All Stories, General Fiction

In the Dying Light by Alexander James Neuse

He walked, alone. The city opened to him.

An old man, his hair was white and unkempt, his beard wild.  His coat was heavy and lined with fur, but patched in places, frayed. It furled and flapped against the breeze that wound through the cobbled canyons of the city. He walked.

The streets seemed familiar to him, the faint taste of something recognized beneath the wash of change.  Had he walked them before?

In the city, lights burned brightly.  Cars traipsed past him, their narrow beams of light illuminating the faces of buildings he almost remembered.  Street lamps burned sedately overhead, trapped in iron prisons with spotless glass windows.  Touches of golden wheat were fading in the sky, replaced with the first lavender that would become the navy-dark night. Clouds threatened in the distance. The city burned, to keep the cold nights at bay.

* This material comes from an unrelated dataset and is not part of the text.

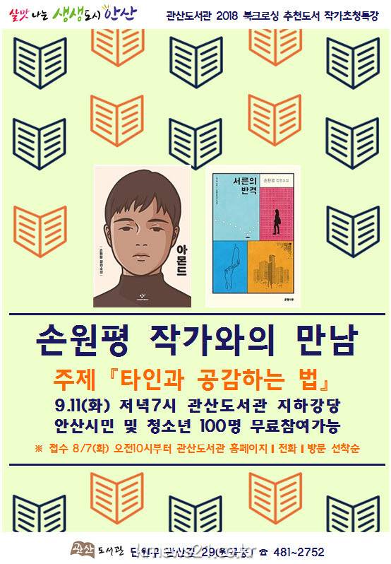 안산시 관산도서관(관장 정순미)은 9월 독서의 달을 기념해 도서 ‘아몬드’와 ‘서른의 반격’의 손원평 작가를 초청해 9월 11일 저녁 7시 특강을 진행한다.

He couldn’t remember who he was. He caught snatches of it, dancing in the depths of his foggy memories, but the cold fact remained out of reach.  His lack of self did not trouble him. It seemed he had been walking for some time without one.  He walked because he knew he needed to.  The truth would come, as it always did.  The years turned, the seasons rolled, and his self would come back to him.

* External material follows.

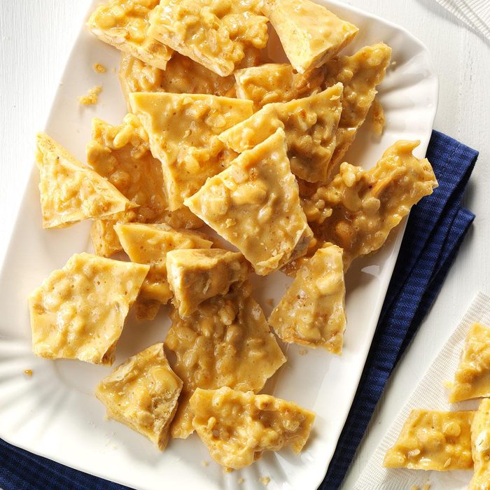 From the Recipe Creator: I love a soft brittle because the texture is wonderful and different. The flavors in this one remind me of a favorite candy bar. —JoAnn Belack, Bradenton, Florida

He passed people on the street, and they gave him odd looks.  His wool shirt was dark and sagged wearily.  His trousers were heavy canvas, his boots unlaced.  He looked out of place, lost.  They didn’t ask him if he needed help or wish him good evening.  They chattered and laughed, each shining vibrant–but their eyes kept flitting to him, tracking him.  When he drew level with them on the street, their faces grew a shadow, pinched and uneasy, like he would stop and speak to them, burden their existence with his own.  He did not belong in their laugh-a-day world. They eyed the case in his hand, and quickly brushed past.

He needed to do something, but he couldn’t remember what it was.  He would remember in time. The street beneath him rolled and turned, and he followed it onward.

The signs of autumn surrounded him as he walked.  The trees, planted in single file along the sidewalks or clustered together in the park, blazed brilliant in shades of red and gold.  The scent of cinnamon and spices floated on the wind from the windows that lined the street.  Above all was the feeling that autumn held–crisp, clear.  He knew that feeling very well.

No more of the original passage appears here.